+++ Input data
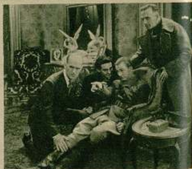
C. Henry Gordon en un momento del film «De última hora».

C. Henry Gordon en una escena de «Tempestad de amores».
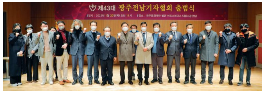
20일 광주 남구 광주문화재단 별관 아트스페이스 5층 소공연장에서 제43대 광주전남기자협회 출범식이 열린 가운데 참석자들이 기념촬영을 하고 있다.
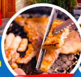
นมุย่างเกาหลี
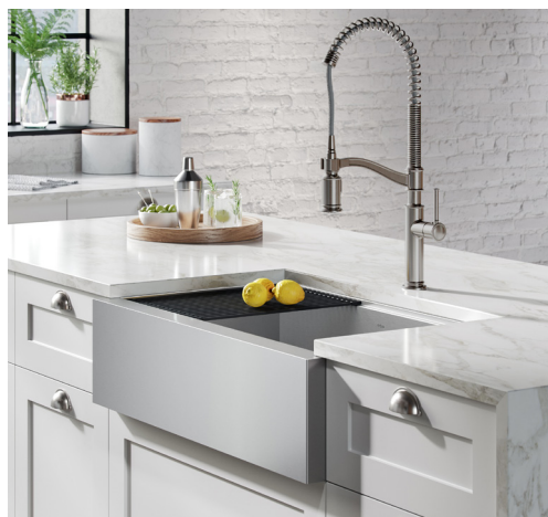
Évier Station de travail Kore™ (KWF410-33)
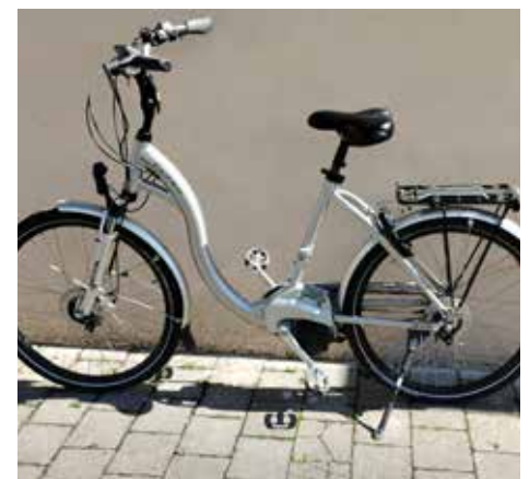
Vom Tourismusverein werden diese 4 E-Bikes verkauft.
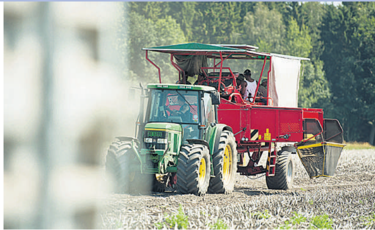
Arbeiten: Schwitzen statt Schwatzen
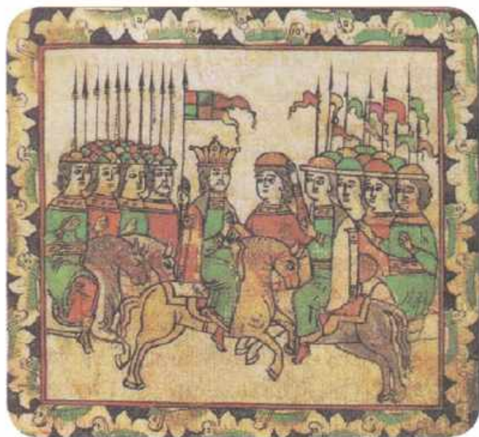
Великий князь московский Дмитрий встречает дружину князей Андрея и Дмитрия Ольгердовичей. Миниатюра 17 в.

Сразу после этого друг на друга бросились татарский авангард и сторожевой полк. Так началась знаменитая Куликовская битва. Дмитрий Донской бился в рядах сторожевого полка, а затем с его остатками отошёл к большому полку.
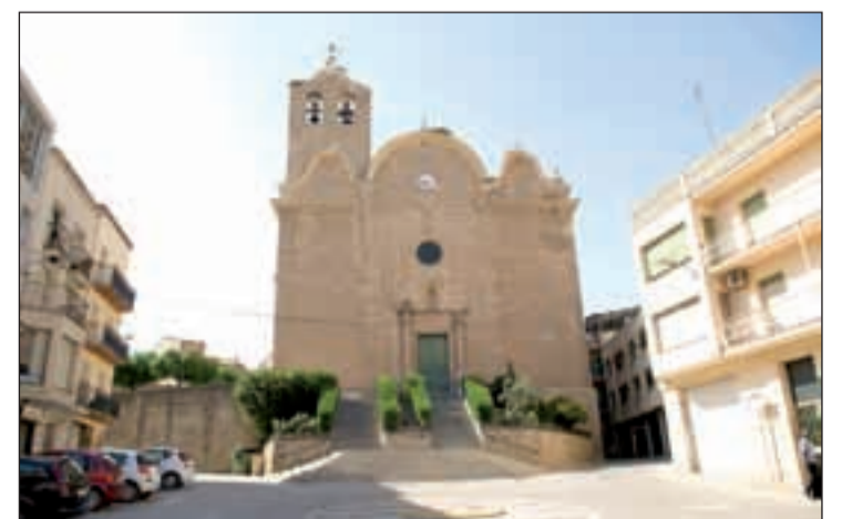
El cost de les obres rondan els 8.000 euros

"Actualment, i per tal d'evitar possibles mals majors, cal actuar a les bigues que sustenten la cúpula del temple i a la teulada. Segons els tècnics, és imprescindible reemplaçar les llomeres actuals per altres de noves. El cost de tot plegat ronda els 8.000 euros i, d'acord amb la parròquia, s'activa ara aquesta recollida de donatius", explica l'alcalde, Ma-
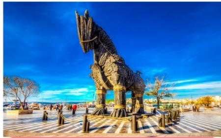
เมืองชานักคาเล
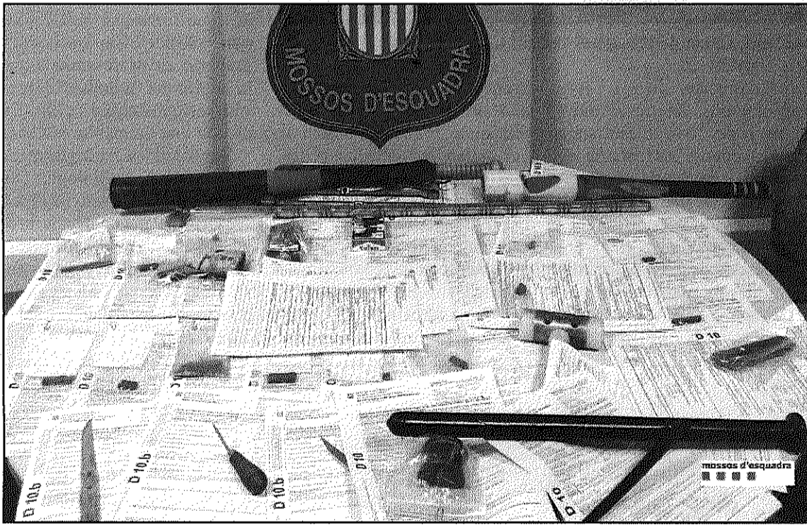
Una imatge del material intervingut durant el dispositiu policial de dissabte

REDACCIÓ. Sant Celoni Un dispositiu dels Mossos d'Esquadra de Sant Celoni a l'entorn de la discoteca Pont Aeri la nit de dissabte a diumenge va saldar-se amb més de 60 denúncies i una detenció. En concret, es van produir 20 denúncies per consum de begudes alcohòliques, 30 per tinença i/o consum de substàncies estupefaents, 2 per tinença d'armes prohibides, 7
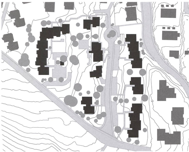
Situation Siedlung Tüfwis zwischen 1974 und 2019.
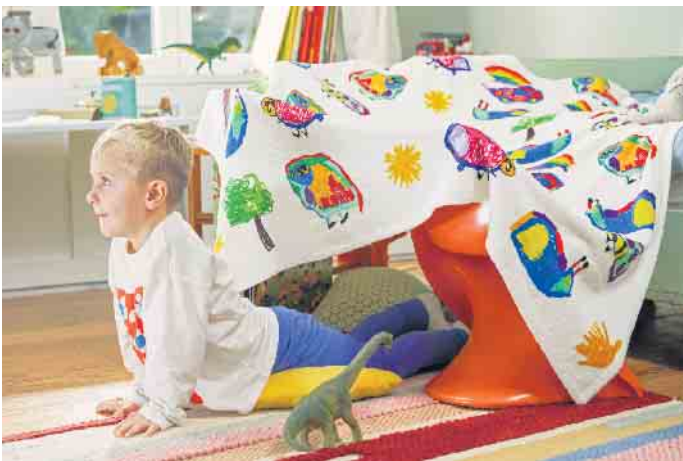
Diese Kuscheldecke gibt es nur einmal: Kinderzeichnungen sorgen für einen unverwechselbaren Look und machen aus dem Osterpräsent ein Unikat.

Puzzleteile sorgen für Spaß bereits bei Kindern ab drei Jahren.
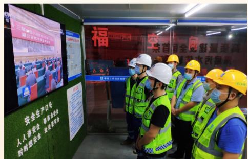
中建三局武汉东湖深隧项目组织员工观看习近平总书记参加湖北代表团审议的电视新闻。(周旭)
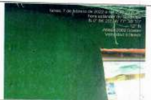
Habitación 1: en muro frontal borde superior izquierdo se refiere fisura en rejilla.
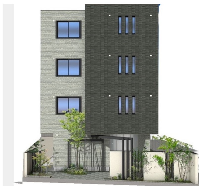
こちらはイメージになります。実物とは色合いや質感が異なる場合がございます。ご了承ください。
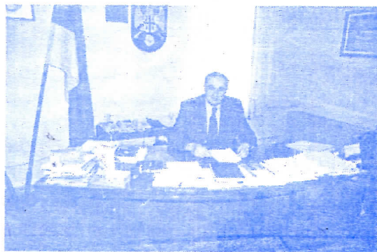
Члан Председничког колегијума
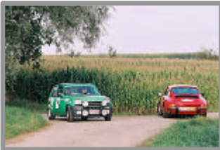
Ronde Vignes & Houblon 2007 Qui est sur le bon chemin ?
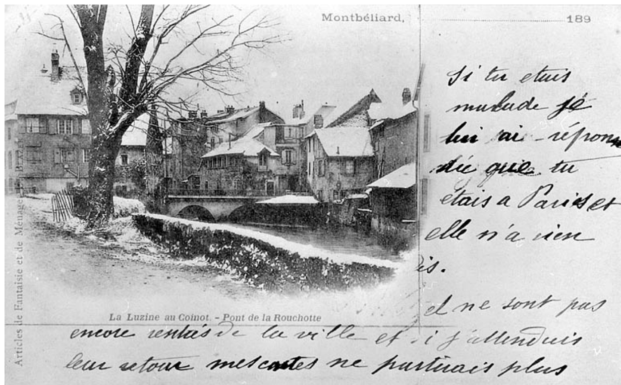
La Luzine au Coinot. Pont de la Rouchotte, années 1890. 25, Montbéliard rue du Général Leclerc

Carte postale, années 1890.
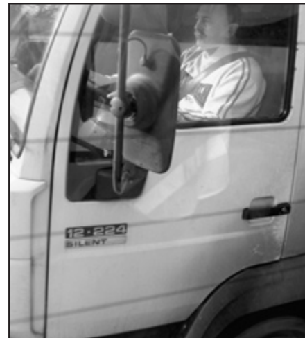
Kurs prawa jazdy – zajęcia praktyczne.

Projekt będzie realizowany w dalszym ciągu do października br. i zakończy się objęciem jego uczestników programem staży
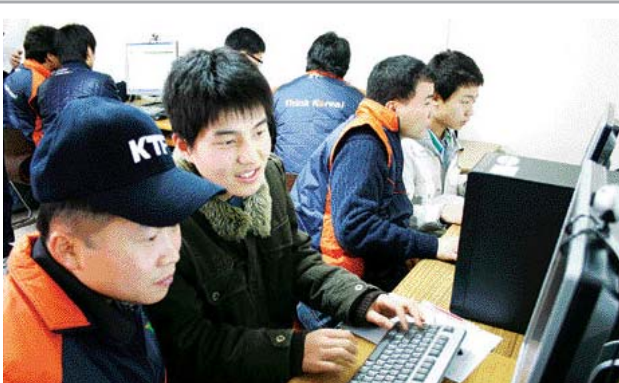
KTF 광주본부 직원들은 지난 22일 광주시 서구 쌍촌동 홀더 청소년 공부방을 찾아 '비기 IT 공부방' 자원봉사활동을 펼쳤다.

이에 따라 MS회원들은 USB 등의 휴대용 저장장치를 챙기거나 혹은 유료로 제공되는 웹스토리지 서비스에 돈을 낼 필요가 없게 됐다. 이 서비스를 이용하려면 MS사 윈도우 라이브(www.live.com)에 접속해 회원가입을 한 후 로그인을 통해 스카이 드라이브에 접속하면 된다.
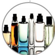
FLACONS DE PARFUM
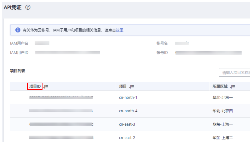
图 8-1 查看项目 ID
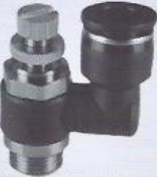
WINMAN 90° dirsek hız ayar WINMAN double elbow speed controller
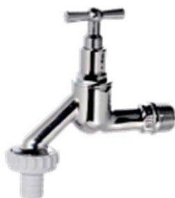
Auslaufventil mit Steckschlüsseloberteil matt verchromt mit Schlauchverschraubung mit Steckschlüssel Nr. 2158
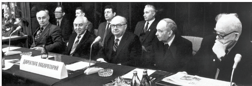
80-е годы. Директора лабораторий на сессии Ученого совета.
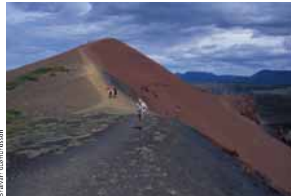
Rauðhólar, hluti af gamalli gígaröð.

Aðrir afþreyingarmöguleikar: Þjóðgarðurinn og nágrenni hans eru tilvalin til fugla-skoðunar því þar má finna ýmiss konar
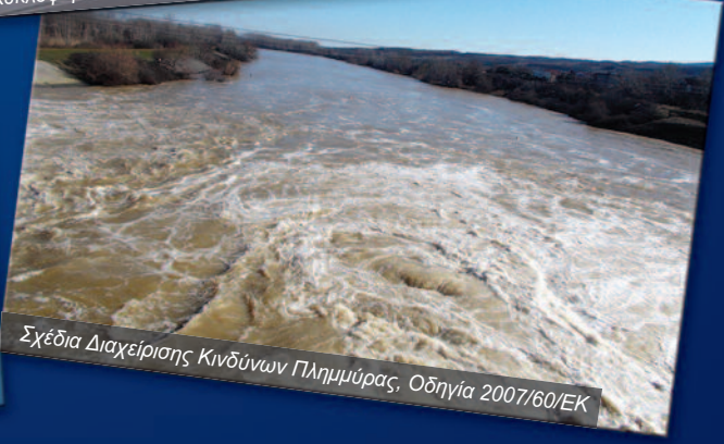
Σχέδια Διαχείρισης Κινδύνων Πλημμύρας, Οδηγία 2007/60/ΕΚ

NAMA Σύμβουλοι Μηχανικοί και Μελετητές ΑΕ Περρικού 32, 115 24 Αθήνα Τηλ. +30210 6974600 Fax. +30210 6983657 email: nama@namanet.gr web site: www.namanet.gr
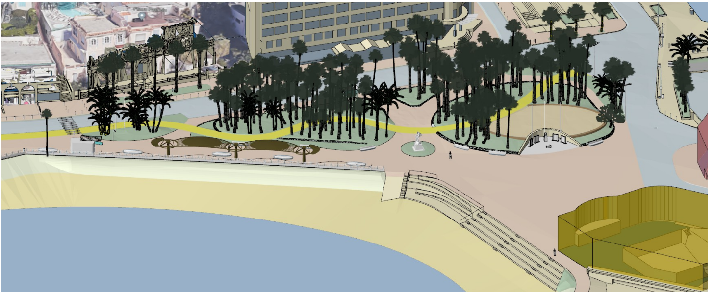
Tracé de la véloRoute bien séparé du flux piéton après les 4 km de côtoiement des promeneurs le long du bd du Midi. Vue anticipant l'esplanade des Maréchaux desservant le futur musée coiffé d'une salle polyvalente panoramique de 1000 m2.

Feu l'esplanade Leclerc ! Vive l'esplanade des Maréchaux !
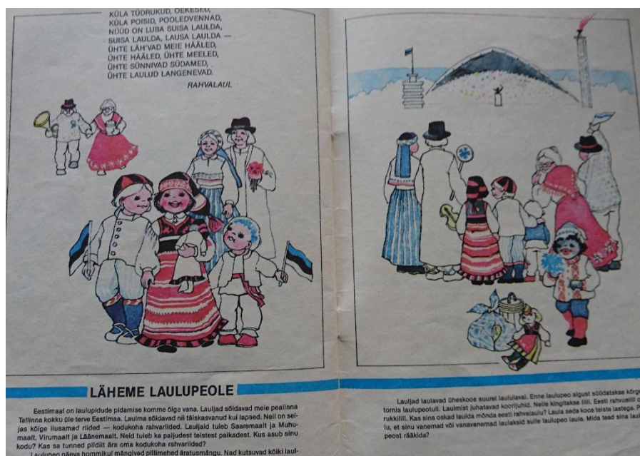
Joonis 6. Näide, isamaalisusest ja laulupeo tegevusest. Mina teiste seas (Muhel 1992).

Joonisel 5 on näha vastavalt soole omaseid stereotüüpe. Meeste peamiseks tegevuseks on töötamine aias, põllul, muu füüsiliselt raske töö, milleks antud joonisel on ahjupuude tupp tassimine. Jooniselt 5 on võimalik märgata ka mängimine sportliku liikumistegevusena, mis on tabeli põhjal samuti meesterahvaste jaoks suuremaks ülekaaluks, võrreldes naistega. Nähtav on töötamine koduses majapidamises (sh koristamine, lemmikloomade eest hoolitsemine jne), mis on tabelis 4. väljatoodud 67% ulatuses naissoost isikute ülekaaluga, sama on märgatav Joonisel 5.
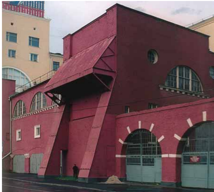
МОГЭС. Раушская наб. Москва. Арх. Иван Жолтовский. 1926
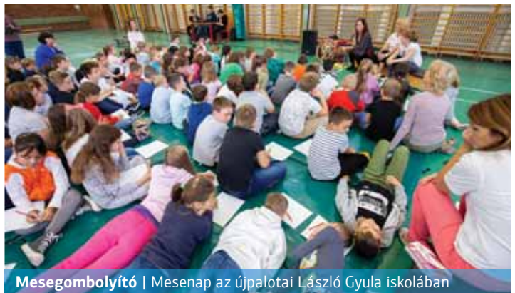
Mesegombolyító | Mesenap az újpalotai László Gyula iskolában
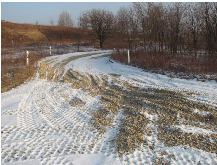
6. számú kép. A kavicságyas út, hossza: 1,4 km (Écs - RÁBARING).[6]
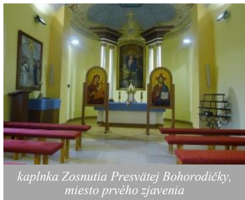
kaplnka Zosnutia Presvätej Bohorodičky, miesto prvého zjavenia

sa k Panne Márii. Po viacerých zjaveniach, ktoré nasledovali na potvrdenie ich dôveryhodnosti, skutočne veriaci postavili na hore kríž a neskôr aj kaplnku. V r. 1855, po prešetrení zázračných udalostí, keď pápež Pius IX. svojim dekrétom ustanovil odpustky, ktoré možno získať na Ľutinskej hore, sa tu uskutočnila prvá oficiálna púť. Pútnici prinášali so sebou aj kamene na stavbu kaplnky (dnes: kaplnka Zosnutia Presvätej Bohorodičky ). Keďže na horu prichádzalo
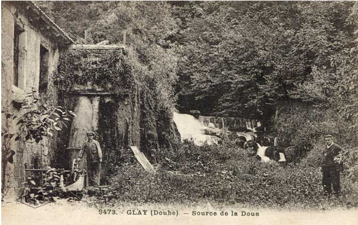
Glays (Doubs) - Source de la Doue : carte postale conservée au Musée du Château de Montbéliard, CLB éd., s.n., s.d. [fin 19e ou début 20e siècle].
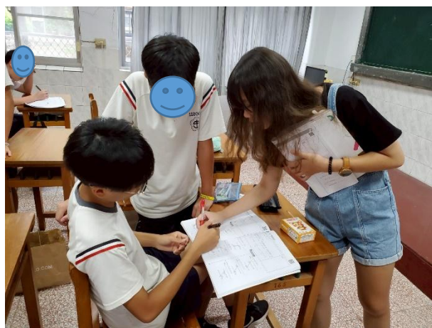
說明：多樣化課程設計－ 安排「數學科小幫手」協助指導同儕
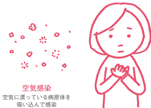
空気感染 空気に漂っている病原体を吸い込んで感染

結核の原因菌は結核菌です。主に、結核菌が空気にただよい、それを肺の中に吸い込むことで感染します。結核菌が体の中に入ってもすべての人が発病するわけではありません。病気になるかどうかは、菌をもらった人の免疫と菌の量などの力関係によります。また、免疫力が衰えた時に体の中に潜んでいた結核菌が活動を開始して病気をおこすこともあります。
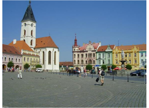
Centro de Vodňany

La 7-A POSTFERIA RENKONTIĜO EN SUDA BOHEMIO okazos la 7-an de septembro, ĉi-foje en Vodňany kadre de la Urba Solenaĵo de Vaporo. Alveno de la vaportrajno, historia pro cesio, kultura programo surplace, trarigardo de la urbocentro (kun Esperanto-ĉiĉeronado), komuna tagmanĝo kun lingvokleriga programeto, vizito de la Urba Muzeo kaj Galerio, Esperanto-konversacio en sukeraĵejo aŭ dumpromene preter la fiŝlagoj. Kotizo por tagmanĝo (ĉefplado, eblas ankaŭ senvianda) + organizaj elspezoj 80,- CZK (pensiuloj, studentoj, senlaboruloj) aŭ 100,- CZK (laboruloj) pagotas surloke. Partopreno en la programo senpagas. Aliĝkontakto: pisek@esperanto.cz . Renkontiĝo inter 9:00 kaj 9:15, preciza loko estos konfirmata al la aliĝintoj. Por havi garantion pri tagmanĝo, bv. anonci vin ĝis 4.9.!
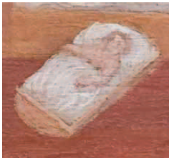
Ilustracja 14 a i b. Kołyski bez płóz – fragm. Wielka Rodzina ze Stobiecka oraz obraz wotywny z Gidl
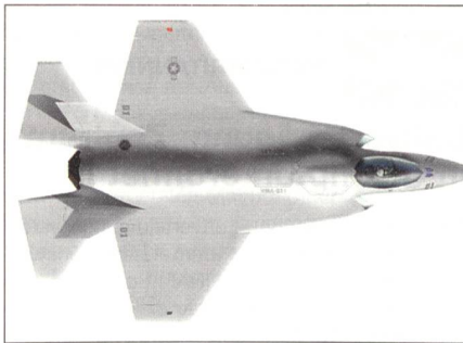
F-35B «Joint Strike Fighter».

Die Entscheidung über die Beschaffung des JSF wird eine parlamentarische in den einzelnen Staaten sein. Substanzuelle Interessen sind jedoch dabei eingebunden, weil das Gesamtvorhaben die nächsten 30 bis 40 Jahre umschliessen wird. Das betrifft nicht nur die europäische Kooperation auf dem Gebiet der operationellen
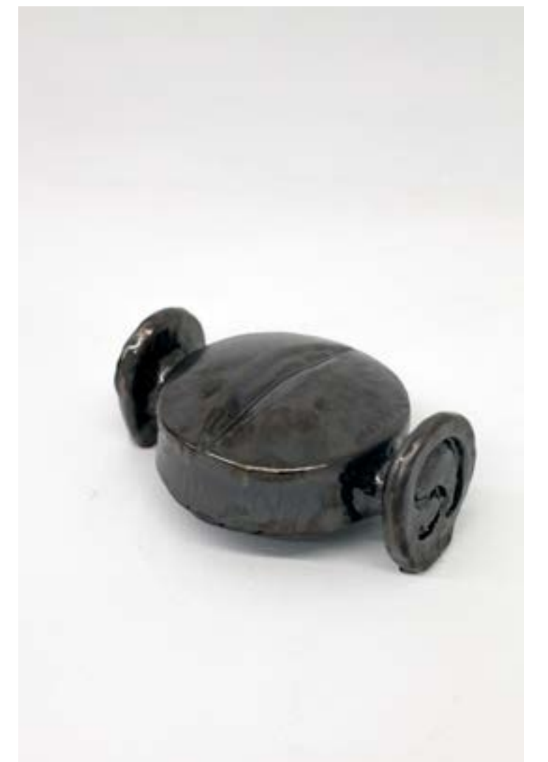
Metamorfosis - píldoras Cerámica construcción manual medidas variables
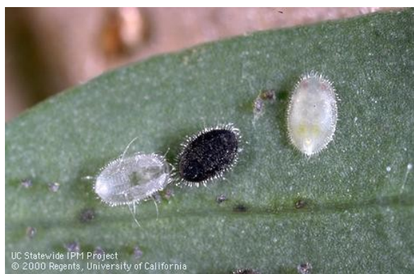
Slika 4. Parazitirana ličinka (kukuljica) cvjetnog štitastog moljca (crne boje).

Odrasle osice najčešće parazitiraju na ličinkama 1. i 2. razvojnog stadija cvjetnog štitastog moljca hraneći se njihovim tjelesnim sadržajem. Hrane se još i mednom rosom. Jaja odlažu u ličinke 3. razvojnog stadija ili u kukuljicu koja je na početku razvoja (Roermund, 1995). Parazitirana kukuljica je crne boje (Slika 4.) zbog toga što se ličinka osice kukulji unutar kukuljice štitastog moljca (Gotlin Čuljak i Juran, 2016). Proces kukuljenja traje 10 dana (Šimala et al., 2016). Učinkovitost osice je nešto lošija na krastavcima i izraženije dlakavim sortama rajčice, jer zbog dlačica osica teže pronalazi moljca. Tijekom života može parazitirati oko 450 ličinki, no najčešće parazitira oko 250 ličinki. Neke ličinke ugibaju od samog uboda bez da su parazitirane (oko 30 za života osice), odnosno bez da je u njih odloženo jaje (Maceljski, 2002).
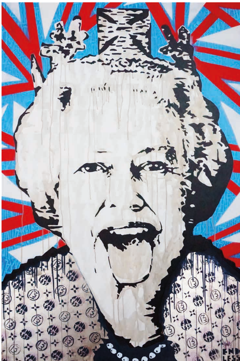
LIZZY VUITTON FT, 2020
++++++
**Problem description**
Without any picture, return exactly the lines of the records above from the first through the line that contains "เมืองชานักคาเล".

**The answer**
C. Henry Gordon en un momento del film «De última hora».

C. Henry Gordon en una escena de «Tempestad de amores».
20일 광주 남구 광주문화재단 별관 아트스페이스 5층 소공연장에서 제43대 광주전남기자협회 출범식이 열린 가운데 참석자들이 기념촬영을 하고 있다.
นมุย่างเกาหลี
Évier Station de travail Kore™ (KWF410-33)
Vom Tourismusverein werden diese 4 E-Bikes verkauft.
Arbeiten: Schwitzen statt Schwatzen
Великий князь московский Дмитрий встречает дружину князей Андрея и Дмитрия Ольгердовичей. Миниатюра 17 в.

Сразу после этого друг на друга бросились татарский авангард и сторожевой полк. Так началась знаменитая Куликовская битва. Дмитрий Донской бился в рядах сторожевого полка, а затем с его остатками отошёл к большому полку.
El cost de les obres rondan els 8.000 euros

"Actualment, i per tal d'evitar possibles mals majors, cal actuar a les bigues que sustenten la cúpula del temple i a la teulada. Segons els tècnics, és imprescindible reemplaçar les llomeres actuals per altres de noves. El cost de tot plegat ronda els 8.000 euros i, d'acord amb la parròquia, s'activa ara aquesta recollida de donatius", explica l'alcalde, Ma-
เมืองชานักคาเล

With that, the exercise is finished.